Prior to issue as a posthumous single, "I Can't Give Everything Away" peaked at number 45 on the Swiss Hitparade chart; number 141 on the UK Singles Chart; and number 142 on the French Singles Chart.

The song contains a harmonica part and rhythm intended to parallel "A New Career in a New Town", an instrumental from Bowie's 1977 album Low which closed the first side of the album; this was noted in reviews of Blackstar.

==Critical reception==
"I Can't Give Everything Away" received positive reviews from critics. Sam Richards of NME called the song "a serene, lilting number", while Ben Skipper of the IB Times labelled it as a "beautiful and moving farewell". Neil McCormick of The Telegraph called the song an "epic closing track", commenting that "Bowie sounds like he is grappling with his own mystery: 'Seeing more and feeling less / Saying no but meaning yes / This is all I ever meant / That's the message that I sent.

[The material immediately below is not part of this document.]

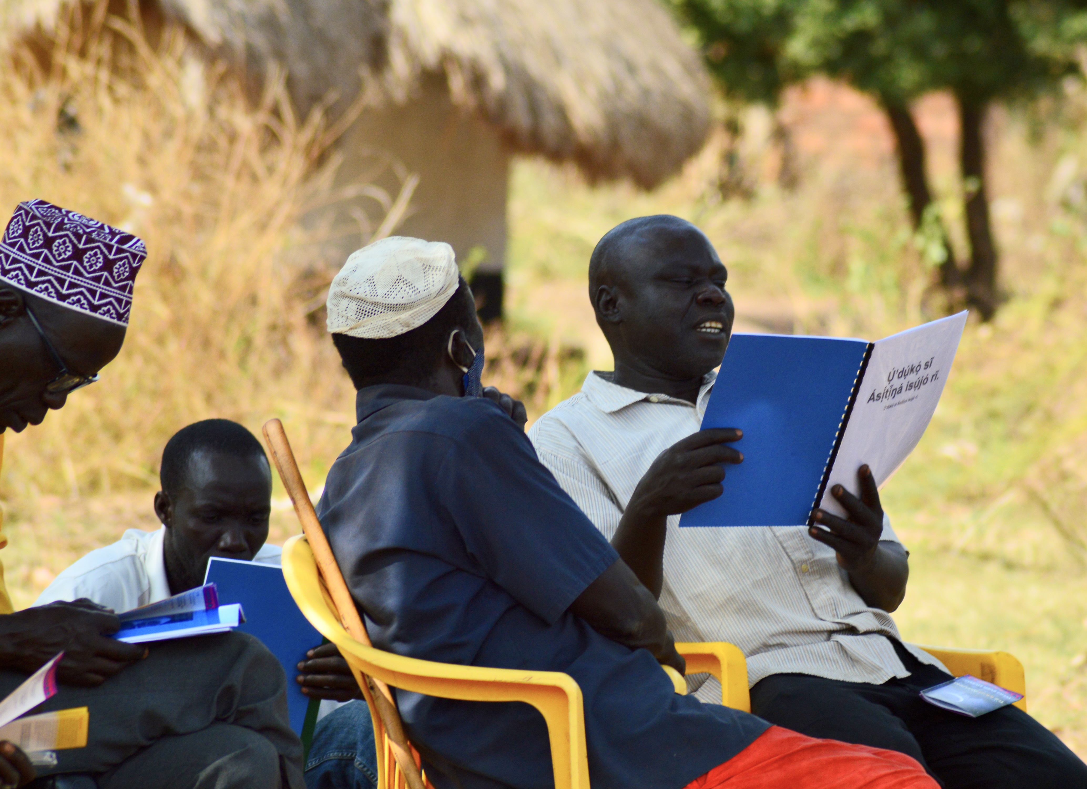 While we were waiting for a friend to arrive, we were able to interact and get to know some of the community members. During this time we gave some reading materials, in this case, in Aringa–some New Testaments and other Christian literature translated from English to Aringa by our friend, Onduga Charles. I am very grateful that Charles was able to join us as my interpreter in Aringa. Charles can (usually) pick my English as well as pick my heart and spirit and can explain what I am saying in a way that reflects my heart and meaning. We have been working together since 2014 and he has interpreted in Christian-Muslim Dialogs and Open air preaching in the markets on market days.

The American online magazine Pitchfork listed "I Can't Give Everything Away" at number 23 on their ranking of the 100 best songs to be released in 2016.

==Music video==
On 6 April 2016 an animated lyric video was released, created by Jonathan Barnbrook, who also designed the album's artwork. He explained his motives behind the video as follows:

“This is really a very simple little video that I wanted to be ultimately positive,” Barnbrook says. “We start off in the black and white world of Blackstar, but in the final chorus we move to brilliant colour, I saw it as a celebration of David, to say that despite the adversity we face, the difficult things that happen such as David’s passing, that human beings are naturally positive, they look forward and can take the good from the past and use it as something to help with the present. We are a naturally optimistic species and we celebrate the good that we are given.”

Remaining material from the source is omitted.